Senator of the College of Justice
- In office 2006–2021
- Nominated by: Jack McConnell As First Minister
- Appointed by: Elizabeth II

Personal details
- Born: Roderick Francis Macdonald 1 February 1951 (age 75)
- Alma mater: University of Glasgow

= Roderick Macdonald, Lord Uist =

Scottish judge

Roderick Francis Macdonald, Lord Uist (born 1 February 1951) is a Scottish retired judge. As a Senator of the College of Justice, he was a member of the Court of Session, Scotland's highest court.

==Early life==
Macdonald was educated at St Mungo's Academy, a Roman Catholic state school in Glasgow, and at the University of Glasgow Faculty of Law. (LL.B. Hons.).
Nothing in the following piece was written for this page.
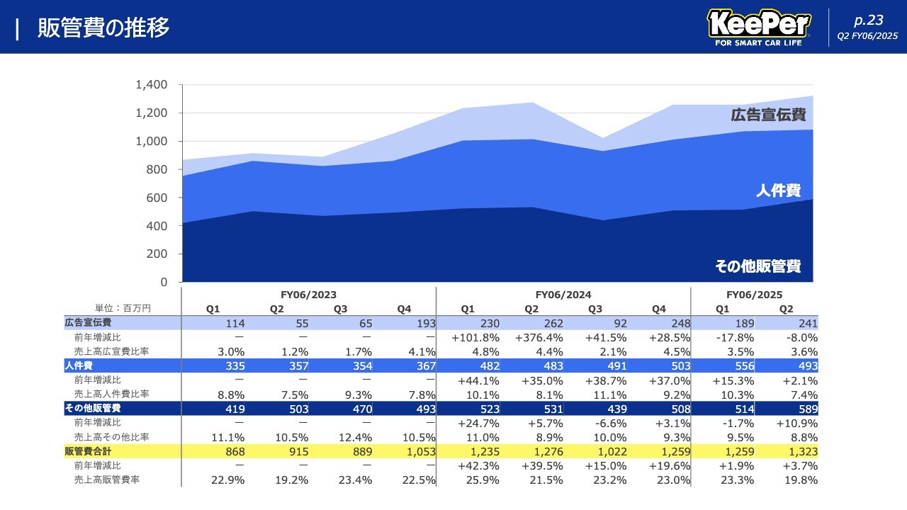 質問者:販管費の推移のうち、広告宣伝費と人件費について質問です。広告宣伝費は、先ほど「あまり伸ばさなくてもいい」とご説明がありましたが、来期も約3パーセントから4パーセントを維持することが可能なのでしょうか?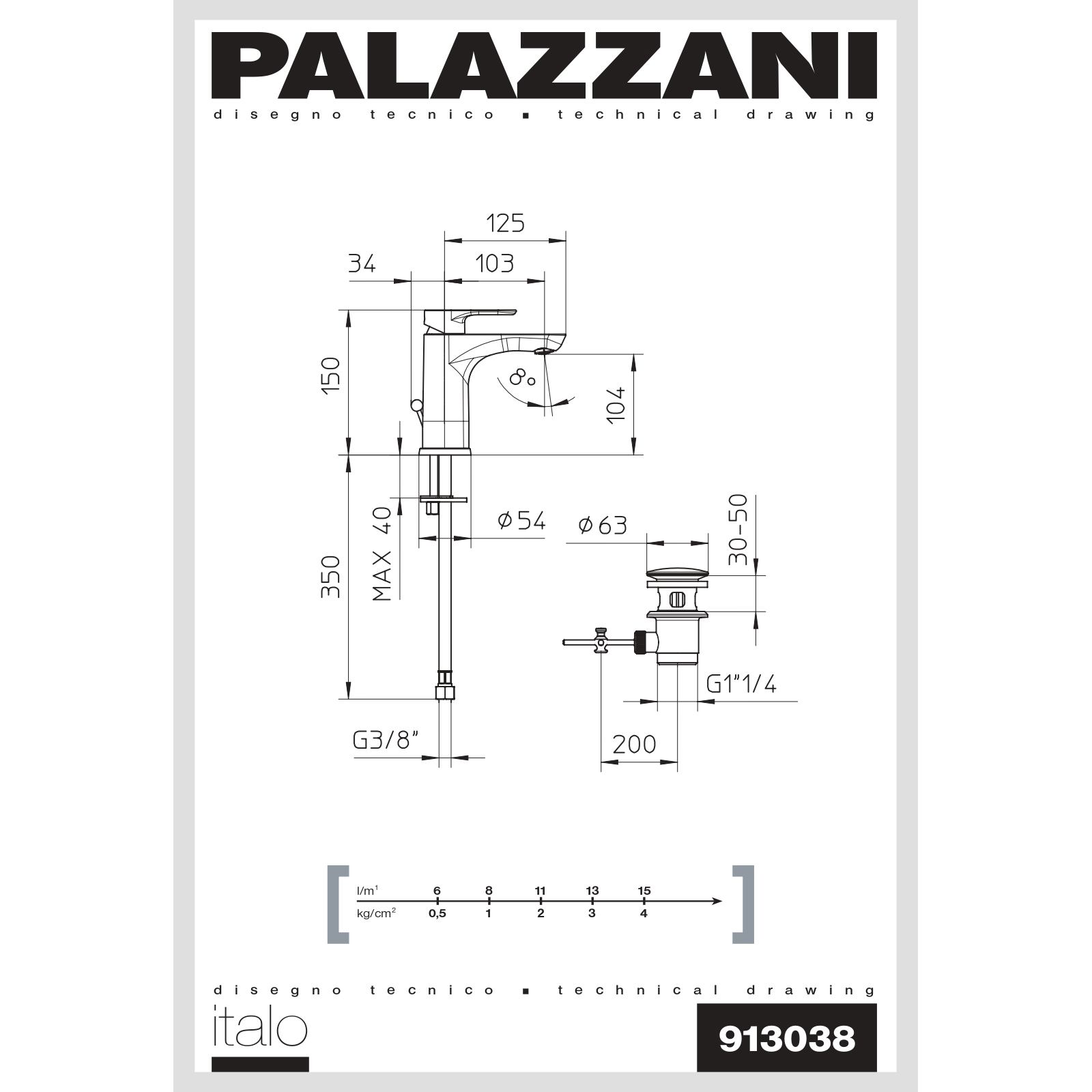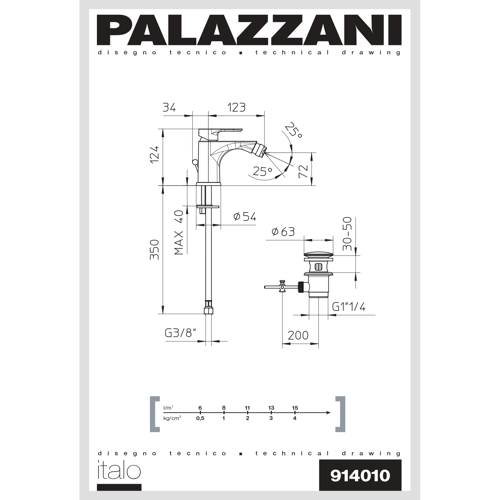 Set di miscelatori monocomando lavabo e bidet, con scarico automatico, Palazzani della serie ITALO.

He was admitted to the Faculty of Advocates in 1975.

==Legal career==
Macdonald served as an Advocate Depute from 1987 to 1993, from 1990 as Home Advocate Depute. He was appointed Queen's Counsel in 1989. He was called to the Bar of England and Wales in 1997 (Inner Temple). From 1995 to 2001, he was Legal Chairman of the Pension Appeal Tribunals for Scotland, and from 1995 to 2000 was a member of the Criminal Injuries Compensation Board, and of the Criminal Injuries Compensation Appeals Panel from 1997 to 1999. He was appointed a Temporary Judge in 2001, and in 2006 was appointed a full-time judge of the Court of Session and High Court of Justiciary, Scotland's Supreme Courts, as a Senator of the College of Justice. He took the judicial title Lord Uist, sat in the Outer House, and retired on 1 February 2021.

Prominent cases Macdonald has presided over included the 2006 trial of three of the race hate murderers of Kriss Donald.